# INFORMATION PROVIDED:
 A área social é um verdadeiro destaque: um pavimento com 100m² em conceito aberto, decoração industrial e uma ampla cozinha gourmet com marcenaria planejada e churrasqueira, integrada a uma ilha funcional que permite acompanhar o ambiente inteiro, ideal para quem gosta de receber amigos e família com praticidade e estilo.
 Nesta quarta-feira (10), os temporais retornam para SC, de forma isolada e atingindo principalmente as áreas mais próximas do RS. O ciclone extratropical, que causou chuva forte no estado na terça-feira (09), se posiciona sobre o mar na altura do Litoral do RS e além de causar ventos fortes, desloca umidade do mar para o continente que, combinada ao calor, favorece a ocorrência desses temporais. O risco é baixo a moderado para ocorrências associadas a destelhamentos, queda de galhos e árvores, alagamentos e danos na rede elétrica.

---

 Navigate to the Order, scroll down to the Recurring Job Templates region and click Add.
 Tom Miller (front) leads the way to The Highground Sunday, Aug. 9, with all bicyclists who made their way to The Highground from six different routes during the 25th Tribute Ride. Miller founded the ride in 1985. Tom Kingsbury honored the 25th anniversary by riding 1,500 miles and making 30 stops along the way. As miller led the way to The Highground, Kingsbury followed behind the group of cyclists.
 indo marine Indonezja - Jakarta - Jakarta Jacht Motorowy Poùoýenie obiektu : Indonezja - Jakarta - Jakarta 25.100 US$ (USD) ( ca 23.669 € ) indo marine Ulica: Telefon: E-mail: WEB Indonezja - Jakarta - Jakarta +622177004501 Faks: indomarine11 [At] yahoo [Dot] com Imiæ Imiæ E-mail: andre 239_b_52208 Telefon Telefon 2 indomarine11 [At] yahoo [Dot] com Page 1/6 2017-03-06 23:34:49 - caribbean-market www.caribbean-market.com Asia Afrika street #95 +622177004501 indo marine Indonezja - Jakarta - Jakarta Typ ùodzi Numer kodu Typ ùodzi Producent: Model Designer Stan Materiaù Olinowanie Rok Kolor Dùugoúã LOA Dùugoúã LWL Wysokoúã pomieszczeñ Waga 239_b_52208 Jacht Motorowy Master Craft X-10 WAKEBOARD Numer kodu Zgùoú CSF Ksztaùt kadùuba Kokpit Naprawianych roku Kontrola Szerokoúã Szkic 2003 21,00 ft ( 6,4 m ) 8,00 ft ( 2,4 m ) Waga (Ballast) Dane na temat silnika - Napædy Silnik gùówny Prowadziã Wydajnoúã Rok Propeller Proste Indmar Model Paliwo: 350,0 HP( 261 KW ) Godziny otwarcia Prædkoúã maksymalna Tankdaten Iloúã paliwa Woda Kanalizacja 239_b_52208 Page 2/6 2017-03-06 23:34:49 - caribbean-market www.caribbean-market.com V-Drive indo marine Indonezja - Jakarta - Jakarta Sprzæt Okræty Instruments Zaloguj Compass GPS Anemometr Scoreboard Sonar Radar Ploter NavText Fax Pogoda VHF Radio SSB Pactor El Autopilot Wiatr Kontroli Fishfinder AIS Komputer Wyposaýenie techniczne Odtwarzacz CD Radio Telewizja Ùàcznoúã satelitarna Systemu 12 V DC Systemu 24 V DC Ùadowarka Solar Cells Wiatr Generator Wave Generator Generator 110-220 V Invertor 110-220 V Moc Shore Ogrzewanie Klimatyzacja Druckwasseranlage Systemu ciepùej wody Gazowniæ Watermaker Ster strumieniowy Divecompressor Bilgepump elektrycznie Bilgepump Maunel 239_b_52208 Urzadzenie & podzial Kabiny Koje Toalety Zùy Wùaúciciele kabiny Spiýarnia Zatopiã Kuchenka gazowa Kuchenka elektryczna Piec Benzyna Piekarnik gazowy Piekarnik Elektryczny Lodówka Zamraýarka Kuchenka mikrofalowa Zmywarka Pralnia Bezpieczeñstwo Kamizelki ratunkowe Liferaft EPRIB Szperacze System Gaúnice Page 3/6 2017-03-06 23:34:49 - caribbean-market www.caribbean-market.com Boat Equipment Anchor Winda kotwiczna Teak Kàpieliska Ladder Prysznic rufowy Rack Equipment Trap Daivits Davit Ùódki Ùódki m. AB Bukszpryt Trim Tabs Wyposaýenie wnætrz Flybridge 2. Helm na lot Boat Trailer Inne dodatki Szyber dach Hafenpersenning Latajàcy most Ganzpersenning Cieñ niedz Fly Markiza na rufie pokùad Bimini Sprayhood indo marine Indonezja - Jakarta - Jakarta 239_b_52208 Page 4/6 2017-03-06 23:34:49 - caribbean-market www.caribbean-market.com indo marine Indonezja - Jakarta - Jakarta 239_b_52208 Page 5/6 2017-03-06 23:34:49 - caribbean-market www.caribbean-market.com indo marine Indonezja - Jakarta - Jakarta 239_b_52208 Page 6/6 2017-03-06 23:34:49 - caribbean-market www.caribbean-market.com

# INSTRUCTIONS TO FOLLOW:
In the listing above, find the line containing "A área social" and the line containing "Nesta quarta-feira (10), os", then quote both, plus every line between them, exactly as written.

# EXERCISE ANSWER:
 A área social é um verdadeiro destaque: um pavimento com 100m² em conceito aberto, decoração industrial e uma ampla cozinha gourmet com marcenaria planejada e churrasqueira, integrada a uma ilha funcional que permite acompanhar o ambiente inteiro, ideal para quem gosta de receber amigos e família com praticidade e estilo.
 Nesta quarta-feira (10), os temporais retornam para SC, de forma isolada e atingindo principalmente as áreas mais próximas do RS. O ciclone extratropical, que causou chuva forte no estado na terça-feira (09), se posiciona sobre o mar na altura do Litoral do RS e além de causar ventos fortes, desloca umidade do mar para o continente que, combinada ao calor, favorece a ocorrência desses temporais. O risco é baixo a moderado para ocorrências associadas a destelhamentos, queda de galhos e árvores, alagamentos e danos na rede elétrica.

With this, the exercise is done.